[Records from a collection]
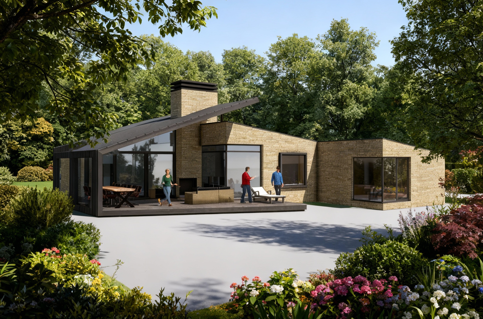 sliding door bubbled glass walnut backwall seamless parquet flooring
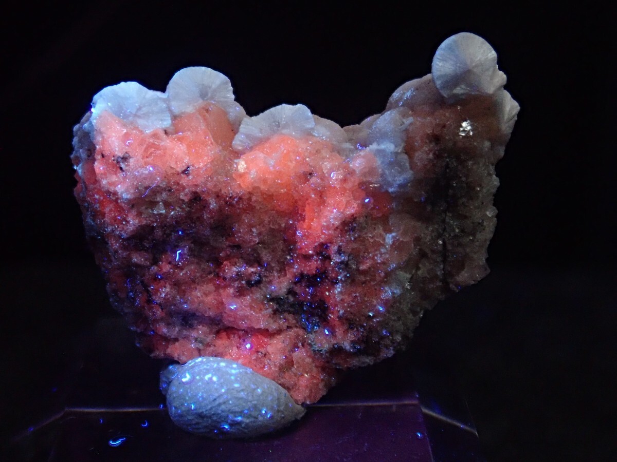 赤く蛍光する部分がカルサイトで、
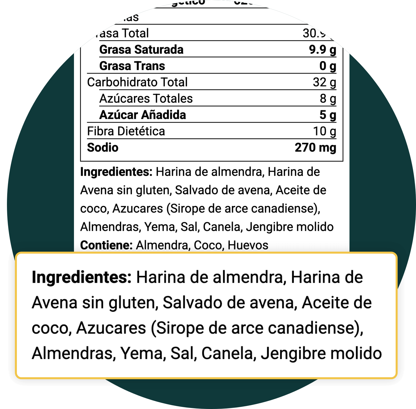 Mientras que el panel de Declaración Nutrimental muestra información nutricional cuantitativa (como calorías y grasas), la lista de ingredientes confirma los componentes reales utilizados para crear ese alimento.
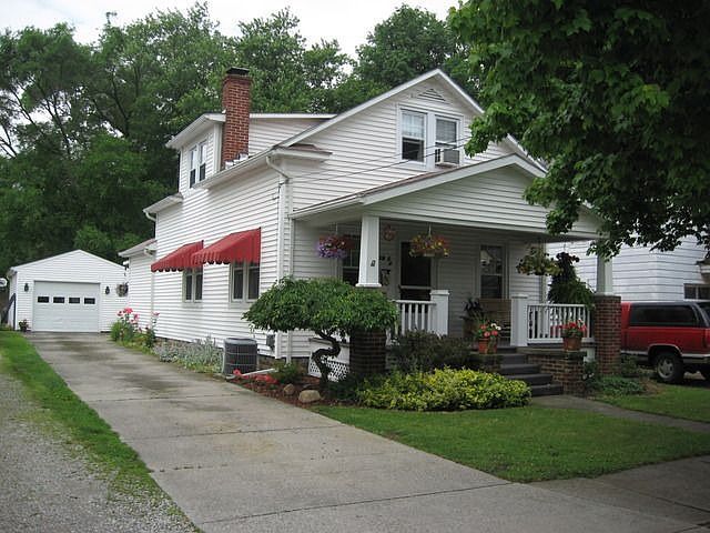 New hot water heater, updated electric and plumbing, vinyl replacement windows. Lots of storage in the walk-in attic. Concrete drive leads to detached, 16 x 24 garage. Beautifully landscaped.
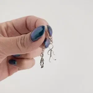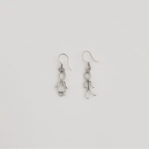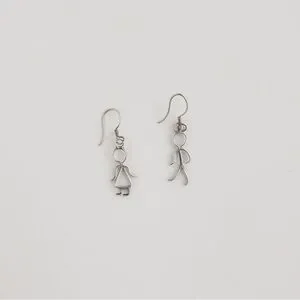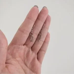 Vintage figural dangle drop earrings. Earring set depicts a boy and a girl. Wire work design. Cute, small, dainty, minimalist. Hook closure for pierced ears. Tested positive for sterling silver, however unmarked. Selling as silver plated. Pre-owned with normal vintage wear such as light surface scratches and plating loss, not noticeable. Please refer to photos.
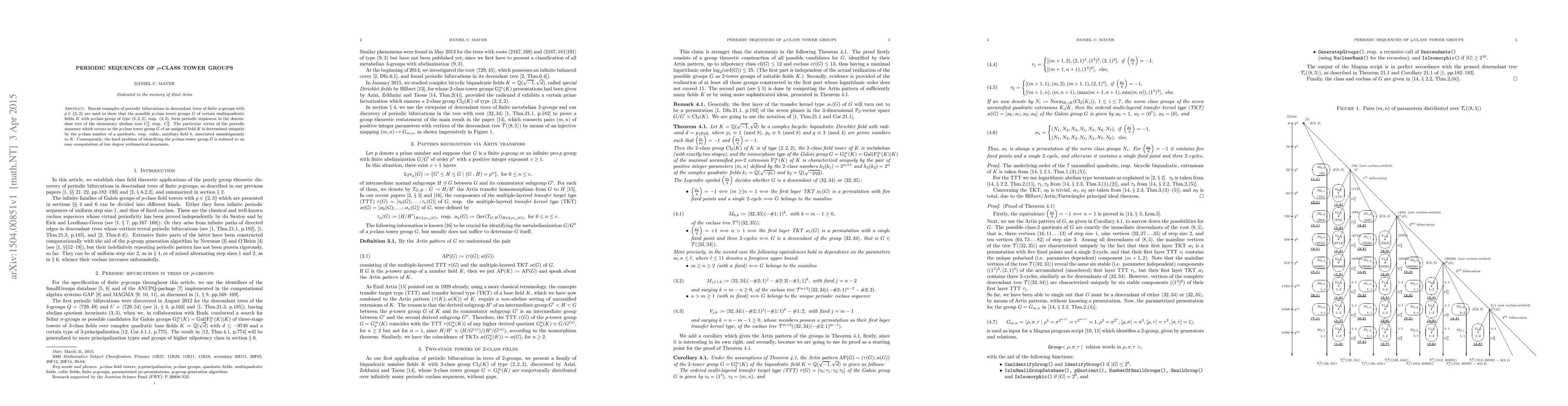 Recent examples of periodic bifurcations in descendant trees of finite p-groups with p in {2,3} are used to show that the possible p-class tower groups G of certain multiquadratic fields K with p-class group of type (2,2,2), resp. (3,3), form periodic sequences in the descendant tree of the elementary abelian root C(2)xC(2)xC(2), resp. C(3)xC(3). The particular vertex of the periodic sequence which occurs as the p-class tower group G of an assigned field K is determined uniquely by the p-class number of a quadratic, resp. cubic, auxiliary field k, associated unambiguously to K. Consequently, the hard problem of identifying the p-class tower group G is reduced to an easy computation of low degree arithmetical invariants.
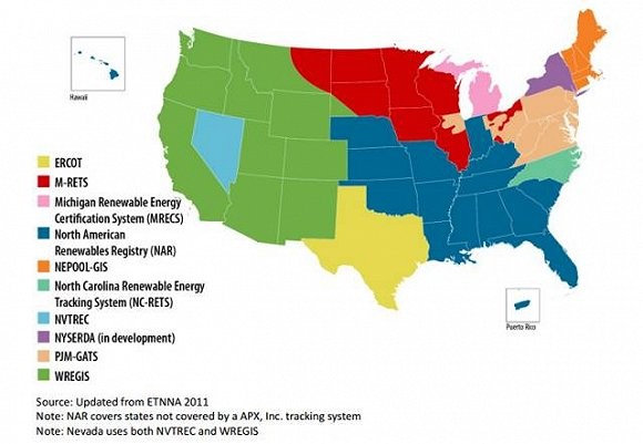 RECs都会被分配一个唯一的ID号以确保其不会被重复购售,并由区域追踪系统(trackingsystem)如WREGIS、NARR、ERCOT、M-RETS、PJM-GATS等负责追踪。美国大多数有合规市场的州都会被要求使用这种第三方的追踪系统,由于该系统有较好的操作性,也逐渐被自愿市场纳入使用。
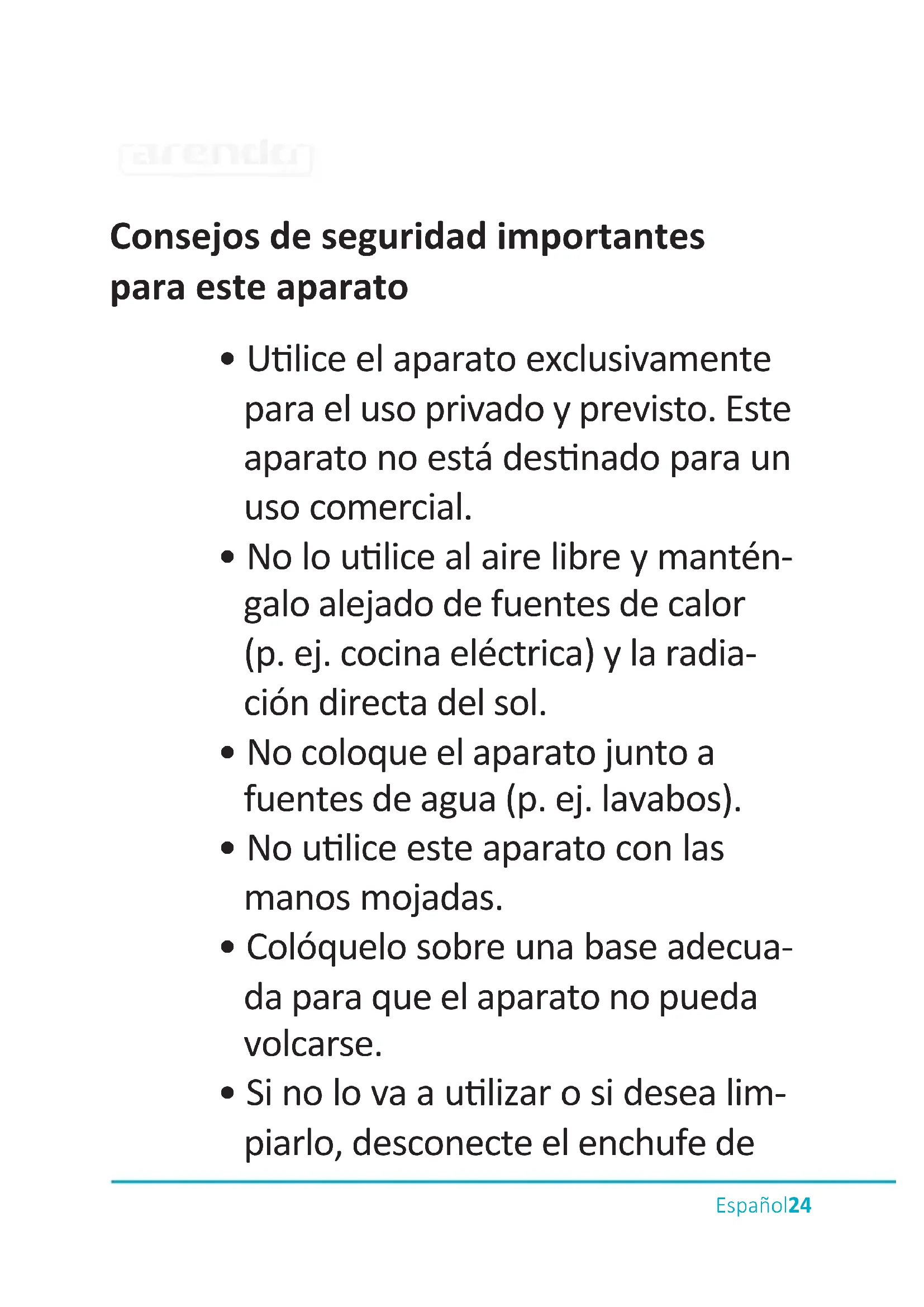 - Ulice el aparato exclusivamente para el uso privado y previsto. Este aparato no está desnado para un uso comercial.

» **Work instructions**
All lines from the one containing "RECs都会被分配一个唯一的" to the last line of the records above, and no others, should be returned unchanged, without pictures.

» **Result of the exercise**
 RECs都会被分配一个唯一的ID号以确保其不会被重复购售,并由区域追踪系统(trackingsystem)如WREGIS、NARR、ERCOT、M-RETS、PJM-GATS等负责追踪。美国大多数有合规市场的州都会被要求使用这种第三方的追踪系统,由于该系统有较好的操作性,也逐渐被自愿市场纳入使用。
 - Ulice el aparato exclusivamente para el uso privado y previsto. Este aparato no está desnado para un uso comercial.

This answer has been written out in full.